It could yield deeper insight into how stars explode

Aug 1, 2009 05:50 GMT  ·  By
This astrophysics simulation seeks to discover the mechanism behind core-collapse supernovae
   This astrophysics simulation seeks to discover the mechanism behind core-collapse supernovae

Experts at the US Department of Energy's (DOE) Argonne National Laboratory (ANL) have recently taken another step in helping us understand the complex nature of our Universe, when they created the first high-complexity simulation of a supernova, the explosion that occurs when a massive star dies and collapses. The image is so complex, that it would take more than three years for an average computer user to just download the data the scientists used for the job. Its goal is to provide experts with new means of understanding the supernovae, without actually having to wait for one to happen.

“On the scale that we're working, creating a movie would take a very long time on your laptop – just rotating the image one degree could take days,” ANL expert Mark Hereld, who is in charge of the facility's visualization and analysis efforts, explains. The team uses advanced supercomputers for the job, as these machines have the ability to process quadrillions of data points in a single second. At this point, they provide the only alternative solution to actually pointing telescopes at the skies, and waiting for tens of thousands of years for supernovae to occur in nature, Space reports.
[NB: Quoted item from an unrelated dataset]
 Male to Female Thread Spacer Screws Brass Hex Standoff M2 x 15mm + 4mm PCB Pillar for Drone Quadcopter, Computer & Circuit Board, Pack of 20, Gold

One of the major innovations the new simulation brought forth was the fact that the scientists did not send the data put together by ANL's 160,000-processor computer to a batch of graphics processors (GPU). The latter are all designed by the video game industry, and, as such, do not handle science data very well. Rather, Hereld says, the images were processed on the spot, inside the supercomputer. According to the results, this move significantly increased the efficiency of the operation.
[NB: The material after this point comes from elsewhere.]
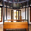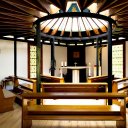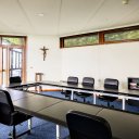 Accommodates the common spaces: entrance hall, living room, meeting room, three guest rooms with two bathrooms, sacristy, TV room, two chapels, office with waiting room, music room, two storerooms, laundry and three bathrooms. Versatile spaces for reception, collective and administrative activities.

ANL postdoctoral researcher Tom Peterka adds that, “We were able to scale up to large problem sizes of over 80 billion voxels per time step and generated images up to 16 megapixels. In astrophysics, studying how stars burn and explode pulls together all kinds of physics: hydrodynamics, gravitational physics, nuclear chemistry and energy transport. Other models study the migration of dangerous pollutants through complex structures in the soil, to see where they're likely to end up; or combustion in cars and manufacturing plants – where fuel is consumed and whether it's efficient.”

“Those kinds of problems often lead to questions that are very complicated to pose mathematically. But when you can simply watch a star explode through visualization of the simulation, you can gain insight that's not available any other way,” Hereld concludes.